SPIE Member Eric Mazur, the Balkanski Professor of Physics and Applied Physics at Harvard University and the area dean of applied physics, will present two talks at Western Washington University (WWU) in Bellingham, WA (USA), on Tuesday 13 May.
Mazur, who obtained his Ph.D. at the University of Leiden in the Netherlands, is an internationally recognized scientist and researcher in optical physics, biophotonics, femtosecond lasers and silicon photonics. He leads a vigorous research program and supervises one of the largest research groups in the Physics Department at Harvard. He and members of his group have won "Green Photonics" paper awards at SPIE Photonics West in 2012 and 2013.
He has served on the program committee for the ultrafast optics conference at Photonics West since 2003 and has co-authored more than 100 papers presented at SPIE conferences.

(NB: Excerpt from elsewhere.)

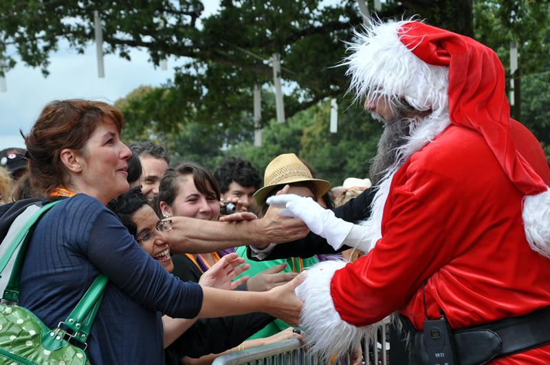 Nous déclarons donc ouvertes les portes du Verger en ce vendredi 15 août 2011 par le Père Noël lui-même, semble-t-il inscrit dans un groupe d'activistes appelés les Tony Clifton Circus !

Mazur is also active in education and is the author of Peer Instruction: A User's Manual, a book that explains how to teach large lecture classes interactively. In 2006 he helped produce the award-winning DVD Interactive Teaching, and he is the co-founder of Learning Catalytics, a platform for promoting interactive problem solving in the classroom.

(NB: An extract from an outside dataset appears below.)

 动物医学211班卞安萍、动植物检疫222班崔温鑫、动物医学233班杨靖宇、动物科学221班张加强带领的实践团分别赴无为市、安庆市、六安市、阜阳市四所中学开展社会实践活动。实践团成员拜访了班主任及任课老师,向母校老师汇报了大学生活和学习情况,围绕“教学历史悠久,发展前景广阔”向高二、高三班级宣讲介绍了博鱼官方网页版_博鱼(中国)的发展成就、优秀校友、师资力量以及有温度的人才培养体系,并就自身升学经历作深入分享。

Mazur's first talk at WWU, "Why you can pass tests and still fail in the real world," takes places from 1:30-2:30 p.m. in SMATE Room 150. SMATE is the Science, Mathematics, and Technology Education Center.
The lecture will address how most teachers' current assessment practices are inauthentic because they focus on having students regurgitate information back to the instructor. It will also show how assessment fails to focus on the skills that are relevant in life in the 21st century, and examine the need to rethink the approach to assessment.
Mazur's second talk, "Subcellular surgery and nanosurgery," takes places from 3-4 p.m. in Communications Facility Room 105.
The lecture details the use of femtosecond laser pulses to manipulate sub-cellular structures inside live and fixed cells. Using only a few nanojoules of laser-pulse energy, the technique allows researchers to selectively disrupt individual mitochondria in live bovine capillary epithelial cells, and cleave single actin fibers in the cell cytoskeleton network of fixed human fibro-blast cells.
The technique has also been used to micromanipulate the neural network of C. Elegans, a small nematode. A laser scalpel can snip individual axons without causing any damage to surrounding tissue, allowing researchers to study the function of individual neurons with a precision that was not achievable before.